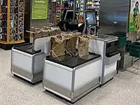Manche Geschäfte bieten Selbstbedienungskassen an, wo Kunden ihre Waren selbst einscannen und dann bezahlen können, ohne das Beschäftigte der Einrichtung involviert sind. Dieses Merkmal sollte nicht in Verbindung mit Verkaufsautomaten verwendet werden.
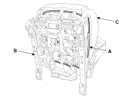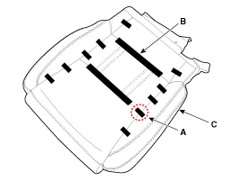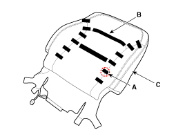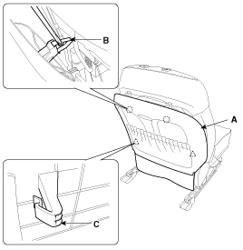 Сняв зажимы для свиного кольца) и застежку-липучку (B) на передней части спинки сиденья, снимите обивку спинки сиденья (C).
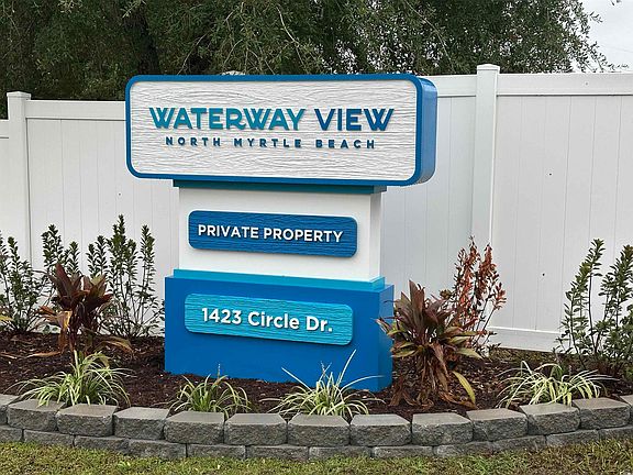 2025 NEW HOME located in the coastal getaway in Waterway View Community! You are steps away from the INTRACOASTAL WATERWAY and a golf cart ride to the BEACH! This North Myrtle Beach location is ideal and allows you to enjoy a day on the beach, restaurants, shopping, and entertainment nearby! This modern 3-bedroom, 2-bath home with recessed lighting throughout blends comfort, style, and a touch of seaside charm—perfect for anyone looking to enjoy a charming getaway at the beach. Spacious DRIVEWAY allows plenty of parking for your GOLF CART and fresh landscaping adds to your curb appeal! Step inside to discover a beautiful open floor plan highlighted by, soft coastal tones, and plenty of natural light. The seamless flow between the open living room, kitchen makes this home ideal for gatherings with friends and family. The updated kitchen has STAINLESS STEEL APPLIANCES including a dishwasher, electric stove with a RANGE HOOD, white cabinetry, and a BREAKFAST BAR for quick meals. The primary suite with new plush carpet, complete with an updated en-suite featuring a modern vanity and oversized WALK IN SHOWER with glass shower doors. The additional 2 bedrooms each have a closet. The 2nd bathroom features a fiberglass shower and bathtub combo along with a single vanity including updated hardware. A dedicated LAUNDRY AREA with cabinet space adds convenience to your daily routine. As part of the Waterway View lifestyle, you’ll enjoy community amenities and quick access to the Intracoastal Waterway, plus you’re just a short golf cart ride to all the dining, shopping, entertainment, and sandy beaches North Myrtle Beach is known for. COMING SOON-Community POOL, picnic BBQ area and clubhouse! This brand new home truly offers the perfect blend of convenience and coastal charm—don’t miss your chance to make it yours! LEASED LAND Some photos have been virtually staged.
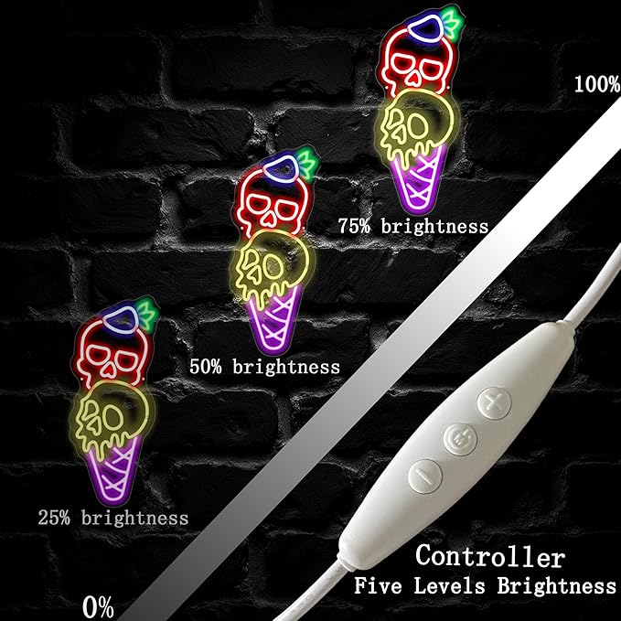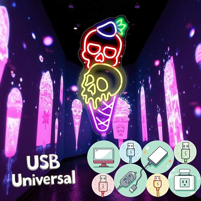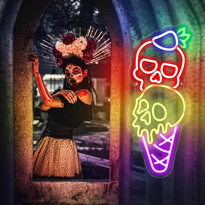 - 【Dark Delicious Glow】: This unique design blends a cheerful ice cream cone with a glowing skull for the perfect mix of cute and creepy. Sweet Meets Dark in a Radiant Glow! Unleash Your Edgy Sweet Tooth! Whether you’re decorating a bedroom, gaming setup, or alternative lounge, this sign delivers a unique vibe that’s both dark and delightful.

▸ **Work item**
What you return should be the whole listing, word for word, without its pictures.

▸ **Written reply**
Manche Geschäfte bieten Selbstbedienungskassen an, wo Kunden ihre Waren selbst einscannen und dann bezahlen können, ohne das Beschäftigte der Einrichtung involviert sind. Dieses Merkmal sollte nicht in Verbindung mit Verkaufsautomaten verwendet werden.
 Сняв зажимы для свиного кольца) и застежку-липучку (B) на передней части спинки сиденья, снимите обивку спинки сиденья (C).
 2025 NEW HOME located in the coastal getaway in Waterway View Community! You are steps away from the INTRACOASTAL WATERWAY and a golf cart ride to the BEACH! This North Myrtle Beach location is ideal and allows you to enjoy a day on the beach, restaurants, shopping, and entertainment nearby! This modern 3-bedroom, 2-bath home with recessed lighting throughout blends comfort, style, and a touch of seaside charm—perfect for anyone looking to enjoy a charming getaway at the beach. Spacious DRIVEWAY allows plenty of parking for your GOLF CART and fresh landscaping adds to your curb appeal! Step inside to discover a beautiful open floor plan highlighted by, soft coastal tones, and plenty of natural light. The seamless flow between the open living room, kitchen makes this home ideal for gatherings with friends and family. The updated kitchen has STAINLESS STEEL APPLIANCES including a dishwasher, electric stove with a RANGE HOOD, white cabinetry, and a BREAKFAST BAR for quick meals. The primary suite with new plush carpet, complete with an updated en-suite featuring a modern vanity and oversized WALK IN SHOWER with glass shower doors. The additional 2 bedrooms each have a closet. The 2nd bathroom features a fiberglass shower and bathtub combo along with a single vanity including updated hardware. A dedicated LAUNDRY AREA with cabinet space adds convenience to your daily routine. As part of the Waterway View lifestyle, you’ll enjoy community amenities and quick access to the Intracoastal Waterway, plus you’re just a short golf cart ride to all the dining, shopping, entertainment, and sandy beaches North Myrtle Beach is known for. COMING SOON-Community POOL, picnic BBQ area and clubhouse! This brand new home truly offers the perfect blend of convenience and coastal charm—don’t miss your chance to make it yours! LEASED LAND Some photos have been virtually staged.
 - 【Dark Delicious Glow】: This unique design blends a cheerful ice cream cone with a glowing skull for the perfect mix of cute and creepy. Sweet Meets Dark in a Radiant Glow! Unleash Your Edgy Sweet Tooth! Whether you’re decorating a bedroom, gaming setup, or alternative lounge, this sign delivers a unique vibe that’s both dark and delightful.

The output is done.